In [1]:
import pandas as pd

import warnings

warnings.filterwarnings("ignore")

In [2]:
df = pd.read_csv('../data/gold/data.csv')
documents = df.to_dict(orient='records')

In [3]:
documents[0]

{'id': 0,
 'section': 'Overview of This Book',
 'text': 'In the first part of this chapter, I’ll walk through the structure of this book. Then, I’ll discuss the various job titles and roles that use ML skills in industry. 1 I’ll also clarify the responsibilities of various job titles, such as data scientist, machine learning engineer, and so on, as this is a common point of confusion for job seekers. These will be illustrated with an ML skills matrix and ML lifecycle that will be referenced throughout the book.
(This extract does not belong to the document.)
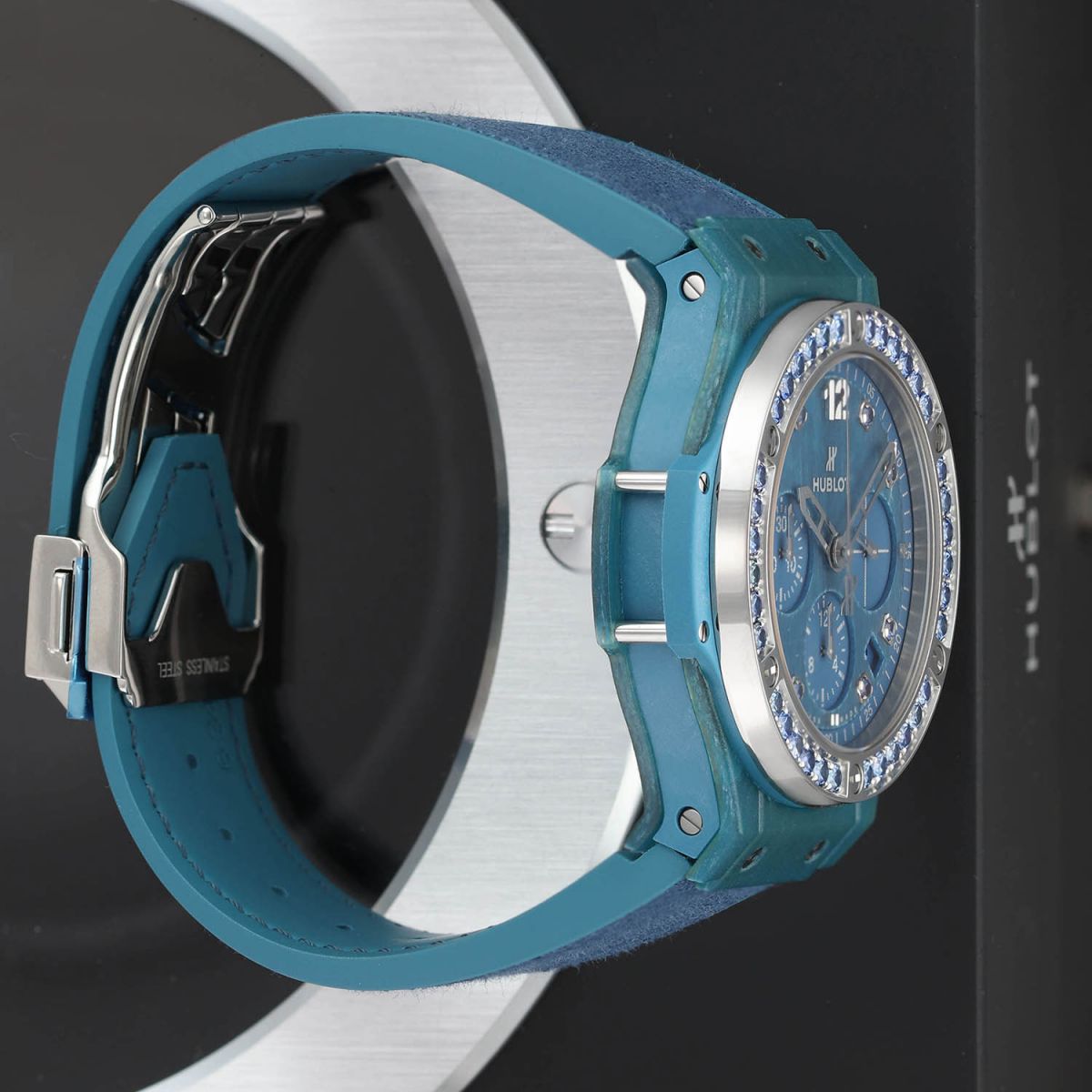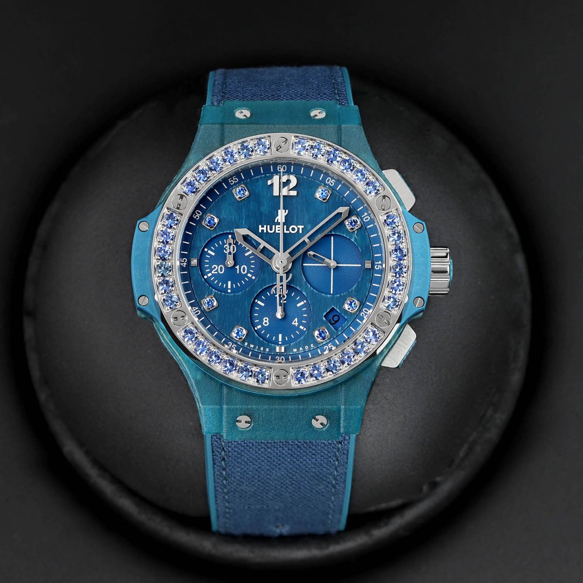 Case: Blue linen composite case. Polished stainless steel crown and pushers with blue rubber inserts. Polished titanium bezel set with 36 round-cut blue sapphires. Blue composite resin lower bezel ring and lateral inserts. Blue linen dial with vertical brushed effect. Polished hands and applied hour markers—eight of which are set with blue sapphires. Fine printed minute/seconds track. Date window between 4 and 5 o’clock. Small seconds sub-dial at 3 o’clock.

The second part of this chapter walks through the interview process, from beginning to end. I’ve mentored candidates who appreciated this overview since online resources often focus on specific pieces of the interview but not how they all connect together and result in an offer. Especially for new graduates 2 and readers coming from different industries, this chapter helps get everyone on the same page as well as clarifies the process. The interconnecting pieces of interviews ar

## Split into chunks/sentence

In [4]:
import spacy

nlp = spacy.load("es_core_news_sm") 

In [5]:
def split_into_sentence_chunks(text, base_id):
    doc = nlp(text)  
    sentences = [sent.text for sent in doc.sents] 

    chunked_texts = []
    current_chunk = []

    for sentence in sentences:
        current_chunk.append(sentence)

        if len(current_chunk) >= 3:  
            chunked_texts.append(' '.join(current_chunk))
            current_chunk = []  

    if current_chunk:
        chunked_texts.append(' '.join(current_chunk))

    chunk_ids = [f"{base_id}_{i + 1}" for i in range(len(chunked_texts))]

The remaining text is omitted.